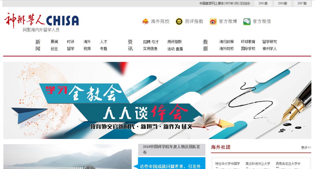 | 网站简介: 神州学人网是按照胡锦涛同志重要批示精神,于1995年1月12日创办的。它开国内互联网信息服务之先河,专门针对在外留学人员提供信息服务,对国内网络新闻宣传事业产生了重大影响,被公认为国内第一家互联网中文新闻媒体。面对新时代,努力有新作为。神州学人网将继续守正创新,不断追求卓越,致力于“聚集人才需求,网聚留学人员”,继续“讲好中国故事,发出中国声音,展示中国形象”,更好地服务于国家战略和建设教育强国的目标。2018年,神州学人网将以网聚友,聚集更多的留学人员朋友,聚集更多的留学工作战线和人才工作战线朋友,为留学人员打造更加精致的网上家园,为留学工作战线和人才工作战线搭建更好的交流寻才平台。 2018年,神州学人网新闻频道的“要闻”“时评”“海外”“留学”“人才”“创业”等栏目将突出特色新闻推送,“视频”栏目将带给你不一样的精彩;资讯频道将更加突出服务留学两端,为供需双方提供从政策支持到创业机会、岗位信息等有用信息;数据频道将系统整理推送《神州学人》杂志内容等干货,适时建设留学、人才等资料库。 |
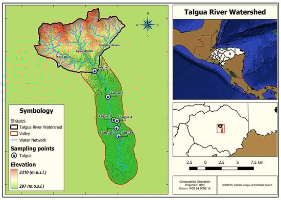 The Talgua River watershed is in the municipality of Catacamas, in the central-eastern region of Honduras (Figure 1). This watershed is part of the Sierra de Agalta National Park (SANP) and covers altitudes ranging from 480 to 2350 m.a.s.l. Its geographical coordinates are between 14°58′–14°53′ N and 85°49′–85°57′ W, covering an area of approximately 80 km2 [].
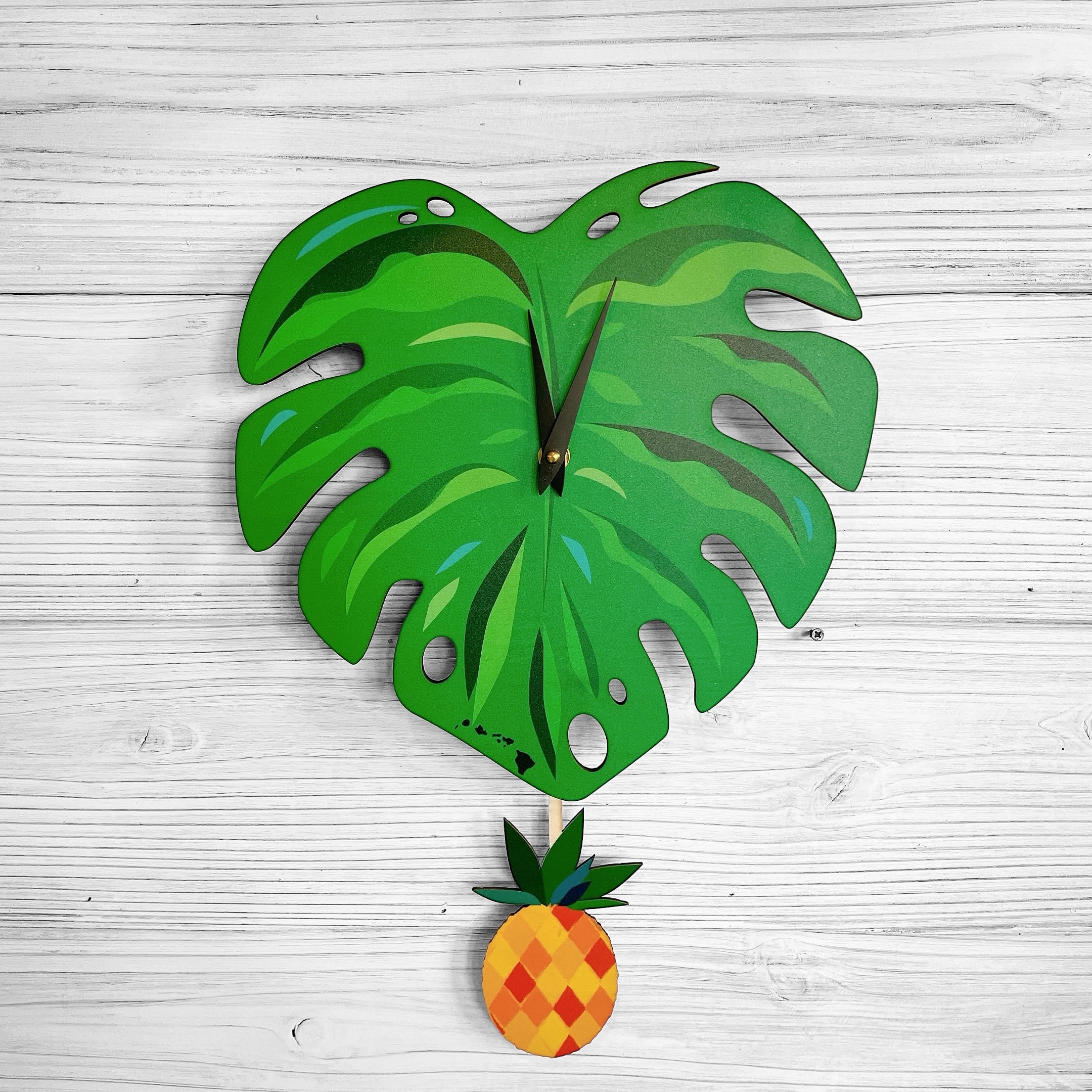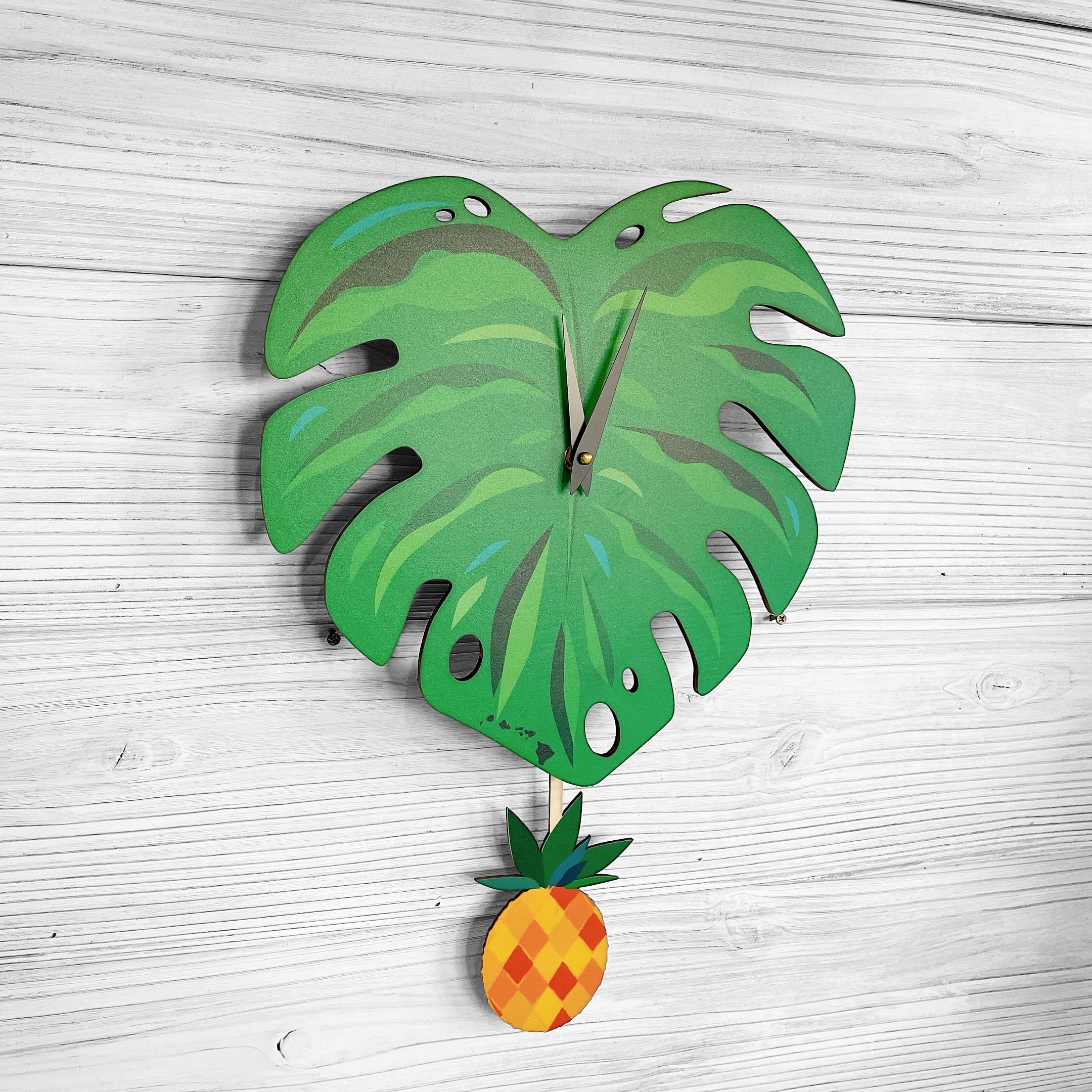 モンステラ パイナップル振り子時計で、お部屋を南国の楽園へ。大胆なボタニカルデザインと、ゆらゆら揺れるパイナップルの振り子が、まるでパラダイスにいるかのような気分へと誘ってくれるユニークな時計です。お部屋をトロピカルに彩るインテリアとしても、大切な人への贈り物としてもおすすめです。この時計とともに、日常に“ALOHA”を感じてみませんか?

+--

> **About this task**: In your copy, omit the pictures and restate every line of the data word for word.

> **Answer to this problem**:
 | 网站简介: 神州学人网是按照胡锦涛同志重要批示精神,于1995年1月12日创办的。它开国内互联网信息服务之先河,专门针对在外留学人员提供信息服务,对国内网络新闻宣传事业产生了重大影响,被公认为国内第一家互联网中文新闻媒体。面对新时代,努力有新作为。神州学人网将继续守正创新,不断追求卓越,致力于“聚集人才需求,网聚留学人员”,继续“讲好中国故事,发出中国声音,展示中国形象”,更好地服务于国家战略和建设教育强国的目标。2018年,神州学人网将以网聚友,聚集更多的留学人员朋友,聚集更多的留学工作战线和人才工作战线朋友,为留学人员打造更加精致的网上家园,为留学工作战线和人才工作战线搭建更好的交流寻才平台。 2018年,神州学人网新闻频道的“要闻”“时评”“海外”“留学”“人才”“创业”等栏目将突出特色新闻推送,“视频”栏目将带给你不一样的精彩;资讯频道将更加突出服务留学两端,为供需双方提供从政策支持到创业机会、岗位信息等有用信息;数据频道将系统整理推送《神州学人》杂志内容等干货,适时建设留学、人才等资料库。 |
 The Talgua River watershed is in the municipality of Catacamas, in the central-eastern region of Honduras (Figure 1). This watershed is part of the Sierra de Agalta National Park (SANP) and covers altitudes ranging from 480 to 2350 m.a.s.l. Its geographical coordinates are between 14°58′–14°53′ N and 85°49′–85°57′ W, covering an area of approximately 80 km2 [].
 モンステラ パイナップル振り子時計で、お部屋を南国の楽園へ。大胆なボタニカルデザインと、ゆらゆら揺れるパイナップルの振り子が、まるでパラダイスにいるかのような気分へと誘ってくれるユニークな時計です。お部屋をトロピカルに彩るインテリアとしても、大切な人への贈り物としてもおすすめです。この時計とともに、日常に“ALOHA”を感じてみませんか?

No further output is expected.